European stocks and the euro turned positive yesterday, staunching sharp losses seen a day earlier on equity markets as investors did a bit of bargain shopping.

In London, the FTSE 100 index of leading shares ended the day with a gain of 0.44 per cent at 5,791.41 points. The Frankfurt DAX was 0.57 per cent higher at 6,671.11 points, and the CAC 40 added 0.89 per cent to 3,392.33 points.

On Tuesday, the DAX lost 3.40 per cent, CAC 40 tumbled 3.58 per cent and the FTSE 100 slid 1.86 per cent amid concern over conditions of a Greek debt write-down and prospects for global growth.

In foreign exchange trading, the European single currency climbed to $1.3150 from $1.3113 late in New York on Tuesday.

US stocks also rebounded in early New York trading, with investors encouraged by US jobs data but still cautious ahead of the deadline for Greece to seal its debt write-off deal.
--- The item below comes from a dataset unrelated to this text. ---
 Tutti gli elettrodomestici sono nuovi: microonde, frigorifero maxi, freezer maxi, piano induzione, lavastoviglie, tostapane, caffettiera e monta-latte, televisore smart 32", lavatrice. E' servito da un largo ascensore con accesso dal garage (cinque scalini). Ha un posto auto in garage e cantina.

The Dow Jones Industrial Average was up 0.59 per cent to 12,834.57 points, while the broad-based S&P 500 added 0. per cent to 1,352.18 and the tech-rich Nasdaq Composite rose 0.82 per cent to 2,934.24 points.
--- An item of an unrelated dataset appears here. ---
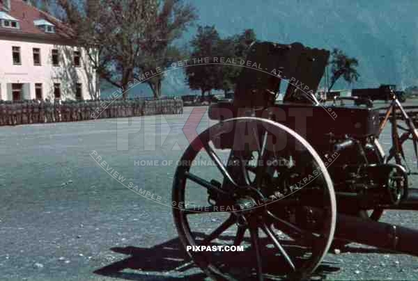 infantry gun at the mountain trooper barracks in Landeck, Austria 1941, Pontlatz Kaserne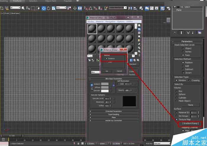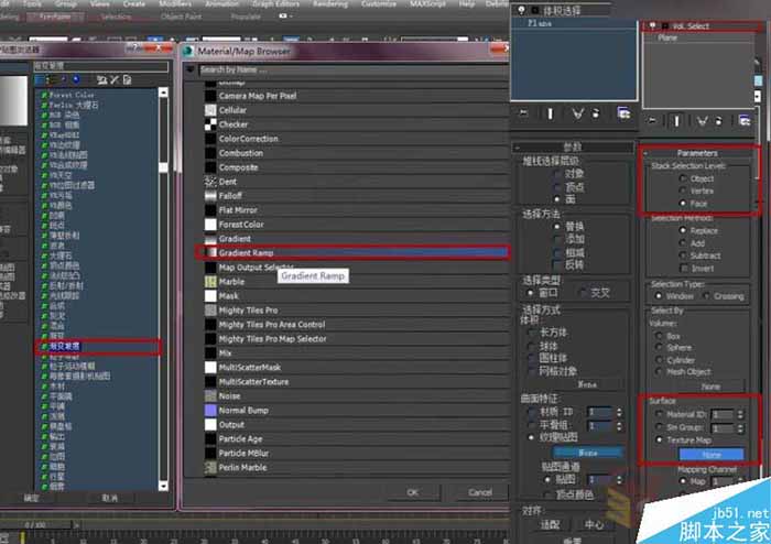 第二步:添加“体积选择”修改器,将子层级选择层级改为“面”选择。曲面特征改为“纹理贴图”模式来选择,这里要选择【坡度渐变贴图-Gradient Ramp】,点击OK确定。

Analysts credited a rising sense of confidence that Greece would get the necessary level of private investors to sign on to its €107 billion debt write-off and swap plan by a late Thursday deadline.
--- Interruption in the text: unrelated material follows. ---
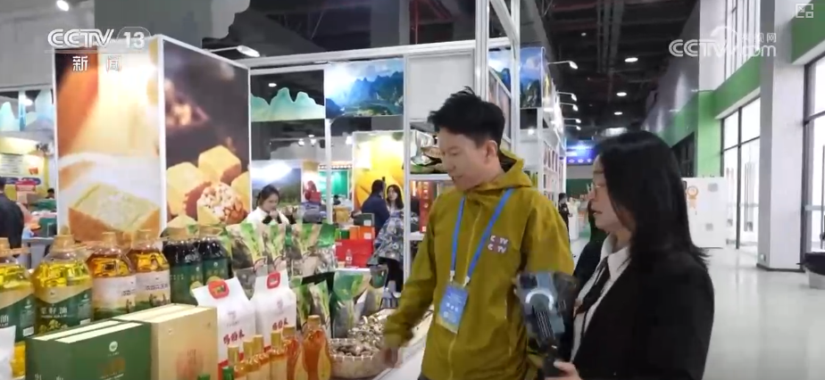 在河南展区,陶红玲正对着手机镜头介绍家乡的茶油。

There were also bargains to be had following drops on Tuesday that in several cases had exceeded 3.0 per cent. “We see some investors coming in to sift through the rubble left from yesterday’s perfect storm,” said Mike McCudden, head of derivatives at online brokerage Interactive Investor.

“Slowing growth in emerging and established markets and continued fears over Greece continue to have equities balancing on a knife edge.”

Global share prices slid on Tuesday after China’s announcement that it was expecting growth to slow further this year due to a fall in exports caused by slackening demand in the key US and European markets.

Markets also took a hit after Brazil said its economy grew by a slower-than-expected 2.7 per cent last year compared with 2010, and from signs that the eurozone has fallen into a mild recession.